Depuis 2005, au moins 2,5 milliards de francs de plus que prévu ont ainsi rempli les caisses des assureurs vie. 2 Après huit ans, un constat clair s’impose : le règlement actuel ne protège pas assez les assurés, qui ne peuvent pas décider où ils sont assurés. Si l’on accepte de tolérer l’activité d’entreprises à but lucratif dans une assurance sociale, alors il faut garantir une meilleure protection.
Changement insuffisant du côté des primes de risques
Qu’il y ait de telles recettes à partager s’explique par des primes de risques exorbitantes. Depuis des années, les primes encaissées pour l’assurance décès et invalidité correspondent en moyenne au double des rentes qui sont effectivement versées pour ces causes. 3 En 2012, 2,7 milliards de francs de primes de risques ont été prélevés pour seulement 1,4 milliard de francs de prestations de décès et d’invalidité versées. En principe sur plusieurs années, les primes devraient correspondre à peu près aux dépenses pour les rentes en cas de décès et d’invalidité. De plus, certaines réserves doivent être autorisées. Mais même avec une pratique très prudente en matière de fixation des primes, les primes encaissées sont excessives. Les assureurs vie prétendent que ce « subventionnement croisé » est nécessaire vu que la loi les oblige à financer des prestations vieillesse trop élevées. C’est clairement contestable pour 2012 : les provisions réalisées pour le financement des prestations vieillesse ont pu être financées avec le revenu des capitaux, donc pas besoin de primes de risques excessives.
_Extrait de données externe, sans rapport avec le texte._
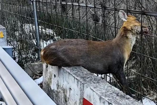 12月10日,一只野生麂子被卡在210国道秦岭段路边围网上,后被解救放生

Le Conseil fédéral doit brider les pratiques effrontées sur les primes de risques
Les primes de risques servent de sources stables et bienvenues de bénéfices. Le recul des cas d’invalidité n’est pas assez pris en considération dans les données de bases des assureurs. Les primes n’ont que peu baissé. En cas de hausse des cas d’invalidité, les assureurs vie prendraient-ils autant de temps pour actualiser leur base de calcul ? La Finma n’utilise pas sa marge de manœuvre et laisse cette pratique effrontée avoir cours. C’est par un travail de qualité et digne de confiance que les assurances doivent gagner de l’argent dans la prévoyance professionnelle, et non par négligence et par des primes exorbitantes. Il appartient maintenant au Conseil fédéral de fixer les critères des abus dans le cadre de la prévoyance vieillesse 2020. Le besoin d’agir est démontré et urgent.